Çocukların büyümesi için alması gereken enerji ve besin
maddelerinin yetersiz olması durumunda gelişiminin yavaşlayacağına işaret eden
Özenoğlu, "Ergenlik döneminde, büyüme hızlanır ve besin ögeleri ihtiyacı
artar. Bu dönemde kemikler için maksimum yatırım yapılır. Yetersiz beslenme,
boyun kısalmasına ve zihinsel performansın azalmasına neden olabilir. Dikkat
eksikliği, konsantrasyon güçlüğü ve öğrenme zorlukları da görülebilir, bu da
akademik başarıyı olumsuz etkiler. Yetersiz beslenme ayrıca ruh halini,
motivasyonu ve sosyal ilişkileri de etkiler. Beslenme, sadece fizyolojik değil
aynı zamanda ruh halini, zihinsel fonksiyonları ve sosyal ilişkileri de
etkileyen temel bir ihtiyaçtır." değerlendirmesinde bulundu.

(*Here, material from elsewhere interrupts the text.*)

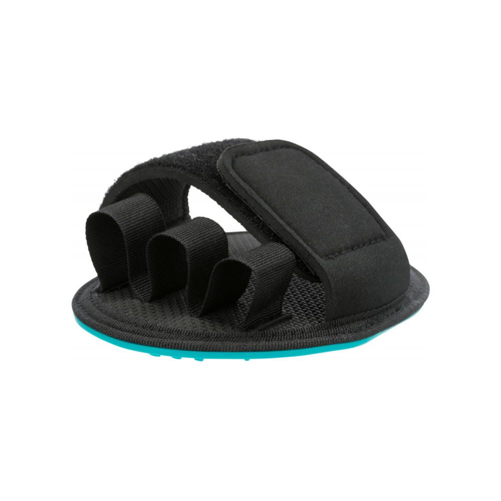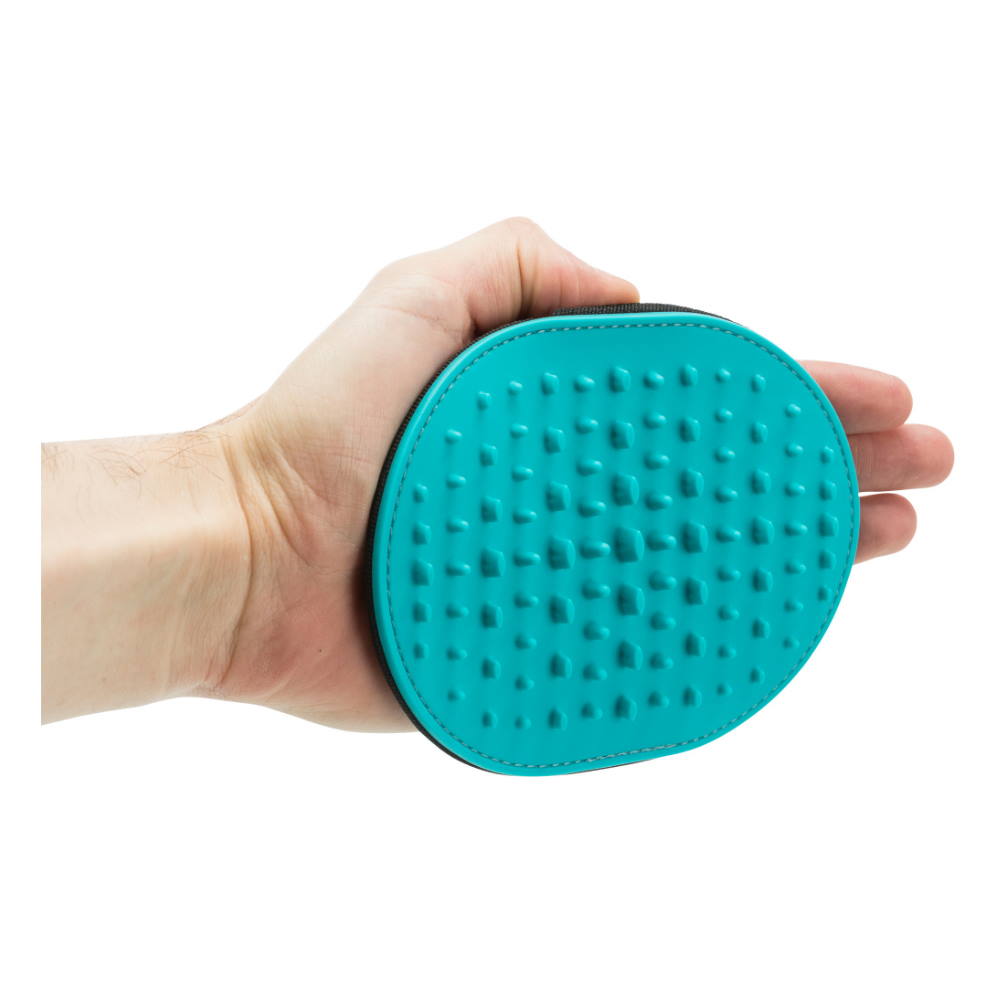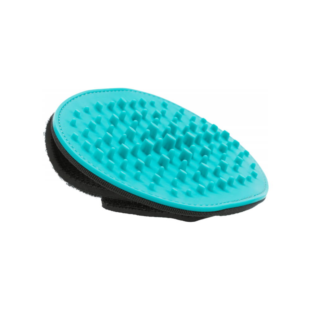 Βούρτσα σε μορφή γαντιού με αραιή διάταξη από δοντάκια σιλικόνης, για μασάζ και λείανση του τριχώματος επιφάνειας, καθώς και για απομάκρυνση νεκρού τριχώματος. Κατάλληλη για σκυλάκια και γατούλες με δερματικές ευαισθησίες ή που δυσκολεύονται να εξοικειωθούν με την διαδικασία του βουρτσίσματος. Με την Massage Brush της Trixie μπορείτε να περιποιηθείτε το τρίχωμα και να απομακρύνετε νεκρές τρίχες ανώδυνα, με γρήγορο και εύκολο τρόπο, ενώ παράλληλα προσφέρετε στο ζωάκι σας ένα πολύ ευεργετικό μασάζ. Ταυτόχρονα η χρήση του γαντιού βοηθά στην εξοικείωση του ζώου με την διαδικασία του καλλωπισμού, καθώς το αντιλαμβάνεται ως προέκταση του χεριού σας και το βούρτσισμα ως χάδι. Το γάντι διαθέτει θηλιές για τα δάχτυλα και strap για όλη την παλάμη, προσφέροντας σταθερό κράτημα και άνεση στη χρήση.

"Çocuğun, ne yediğinin farkına varması
gerekiyor"
Çocuktaki iştahsızlıkla baş edemeyen ebeveynlerin mutlaka
bir uzmandan yardım alması gerektiğinin altını çizen Özenoğlu, şunları
kaydetti:
"Günümüzde sıkça karşılaşılan çocuğun telefon, tablet
veya televizyon eşliğinde yemek yeme alışkanlığı, tercih edilmemesi gereken bir
yöntemdir. Bu durumda çocuğun yemeğe odaklanması zorlaşır ve doyup doymadığını
anlamak güçleşir. Açlık ve tokluk merkezleri, ne zaman ve ne kadar yemek
yiyeceğimize karar vermekte önemli rol oynar. Ancak, bu alışkanlıkla beslenen
çocuklar bu sinyalleri doğru bir şekilde öğrenemezler. Ebeveynlerin çocuğu
yemeğini bitirmeye zorlaması da bu durumu daha da karmaşık hale getirir. Sonuç
olarak, çocuklar kendi açlık-tokluk sinyallerini doğru bir şekilde
algılayamazlar ve ileride yeme bozuklukları, obezite, diyabet ve
kardiyovasküler hastalıklar gibi sağlık sorunlarına yatkın hale gelirler.
Çocuğun yeme alışkanlığını ve davranışlarını sağlıklı hale getirmek için yemeğe
odaklanması ve yeme farkındalığı kazanması önemlidir."